Читать книгу Философская лирика. Собака из лужи лакает небо - Валерий Белов - Страница 3

Смысл жизни и суть бытия

Оглавление

Смысл бытия

Для чего мы живём – для того, чтоб нас после спасали

И хранителей сонм неизменно над нами кружил?

Мы ж ответа не зная, в спасение веря едва ли,

Вновь и вновь повторяем безумства свои виражи.


Оправданья себе мы не ждём, но свободою воли

Выкупаем мы право надеяться, верить, любить,

И на землю с высот опадая осенней листвою,

Принимаем безропотно «не укради, не убий!».


Возлюби как себя самого – достоверней не скажешь,

Но единых рецепторов с нами у ближнего нет.

Только силой любви ощущая, что чувствует каждый,

Постигаем мы то, что поведал нам Новый завет.

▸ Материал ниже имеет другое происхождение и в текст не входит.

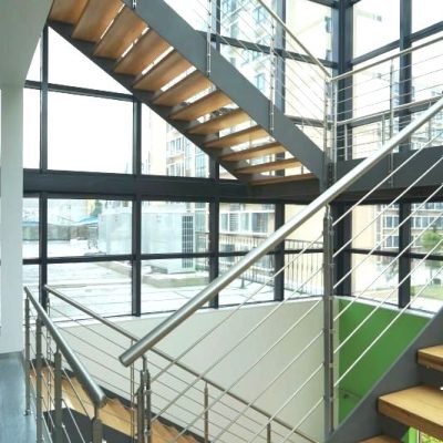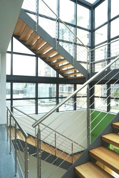 Lo stile di Link Linear è giovane e moderno. La scala si presenta con strutture laterali dritte realizzate con lamiera tagliata al laser e gradini fissati alla struttura da apposite staffe interne.

Исповедуй любовь воплощеньем Божественной сути,

Что гнездится в душе, а не в нравоученьях святош,

На любом рубеже и тропе, большаке, перепутье

С ней ты счастье земное и смысл бытия обретёшь.


Тяга к правоте

Религия, прозрение, духовность…

А дальше что продолжит этот ряд?

Стремленье к идеалу безусловно,

Оно присуще даже упырям.


Благоговенья чувство всем знакомо,

А сколько бед с намерений благих…

Ведь тяга к правоте дана любому,

Себя кто отличает от других.


В какой она предстанет парадигме,

Одежде или вовсе в неглиже?

Коль истину искать в Священных книгах,

В Коране правда будет в парандже.


В буддизме ей ходить бритоголовой,

Для избранных – обрезанной слегка.

Для скептика она во всём условна

И в бубенцах для Ваньки-дурака.


Прелесть жизни несут озорные потоки

Прелесть жизни несут озорные потоки,

Норовящие всё поворачивать вспять.

Те потоки должны быть свежи и жестоки,

Чтоб барьеры крушить, чтобы рёбра ломать.


Где засоры и вонь, где господствует плесень,

Там соседствует вера с потребностью лгать.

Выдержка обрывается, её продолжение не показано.